Marriage shall be based only on the mutual consent of both sexes and
it shall be maintained through mutual cooperation with the
equal
rights of husband and wife as a basis. With regard to choice of
spouse, property rights, inheritance, choice of domicile, divorce and
other matters pertaining to marriage and the family, laws shall
be enacted from the standpoint of individual dignity and the
essential equality of the sexes.
The
laws now give women full legal equality. For example, prewar laws
made divorce easy for men and all but impossible for women, but now
women constitute the majority of applicants for divorce (a higher
percentage by full-time housewives than by women workers), though
divorce rates remain far below those current in the United States and
much lower even than in Japan a half century ago. The divorce rate is
only one eighteenth that of the United States, one reason being that
wage discrimination, particularly against older women, makes it more
difficult for a divorced wife in Japan to make a decent living;
another reason may be that it is usually more difficult for her to
remarry.
Despite the great gains made by women in recent decades, social limitations on them and discrimination in employment remain severe. Many Westerners wonder indignantly why Japanese women do not agitate more aggressively against their unequal status. One reason may be that Japanese women in recent decades have made such huge advances that they are still busy digesting them. Labor shortages in the years leading up to and through World War II and then again in the postwar economic surge have given them a much larger economic role and therefore a greater chance for economic independence. The mechanization of housework since the war, through washing machines, vacuum cleaners, and electric cooking utensils, especially electric rice cookers and microwaves, have freed them from much of the drudgery of domestic labor, releasing time for outside work or other activities. These factors combined with the postwar legal gains and sweeping social changes, have given women much wider opportunities, which are expanding steadily.
Another
reason why Japanese women have not taken up the women's liberation
movement more aggressively may be that it does not fit their
self-image or "ladylike" style. They realize that they
dominate the home and tend to be psychologically stronger than men.

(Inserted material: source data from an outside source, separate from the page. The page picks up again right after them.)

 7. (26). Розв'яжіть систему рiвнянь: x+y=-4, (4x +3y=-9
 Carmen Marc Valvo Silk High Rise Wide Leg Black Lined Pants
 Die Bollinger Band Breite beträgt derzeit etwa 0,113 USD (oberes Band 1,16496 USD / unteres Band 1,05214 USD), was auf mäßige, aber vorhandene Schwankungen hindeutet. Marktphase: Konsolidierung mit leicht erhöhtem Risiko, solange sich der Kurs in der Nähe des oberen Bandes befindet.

They may sense that, while the bitter underdog attitude of Western
women may fit their traditional role as the "weaker sex,"

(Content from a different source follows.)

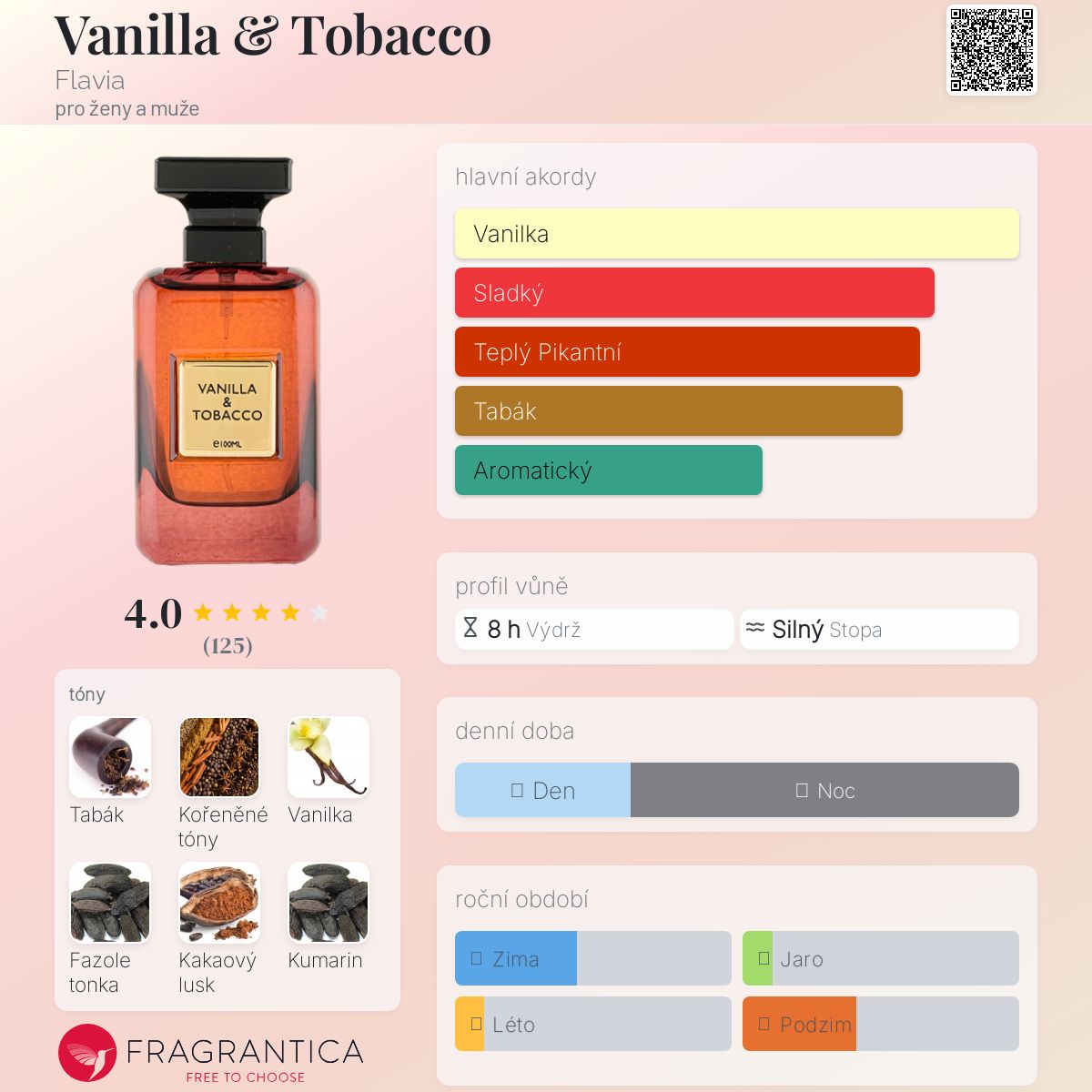 Vanilla & Tobacco podle Flavia je vůně pro ženy a muže. Vanilla & Tobacco byl/a uveden/a v roce 2023. Vrchní tóny jsou Kořeněné tóny a Tabák; střední tóny jsouVanilka, Fazole tonka a Kakao ; základní tóny jsou Kumarin a Dřevité tóny.

it would not be becoming for Japanese women as actually the stronger
sex.
This
attitude may tie in with what may well be the most important reason.

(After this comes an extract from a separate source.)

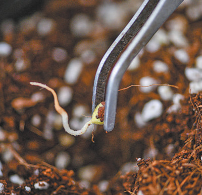 云南省锦科花卉工程研究中心里发芽的太空种子。

Japanese women are clearly aware of the satisfactions as well as
handicaps of their biological differences from men. They cherish
their role as mothers and homemakers who dominate domestic life and
supervise the raising of the next generation. The result is that many
of them are forced into somewhat empty lives once the children are
grown up, but on the whole they seem to find at least as much
satisfaction in the balance they have struck as do women in the
United States.
Japanese women, however, seem on the verge of a veritable revolution in their status, as was underscored by the enthusiasm that accompanied Miss Doi's election as the head of the Socialist Party and Prime Minister Uno Sosuke's being forced to resign his post on June 2, 1989, in part because of charges of womanizing. Women, who for long had played leadership roles in local politics, began to show their muscle in national politics as well. The LDP countered by selecting two women cabinet members for the first time in 1987 and a woman to a major party post in 1989. This was, of course, only a small beginning, but women appeared to be on the point of breaking through the crust of male domination. It seems improbable that Japanese women will erupt in a stridently assertive female movement, as in the United States, but it appears quite likely that a "women's revolution" will be the next great step in Japanese social and political development.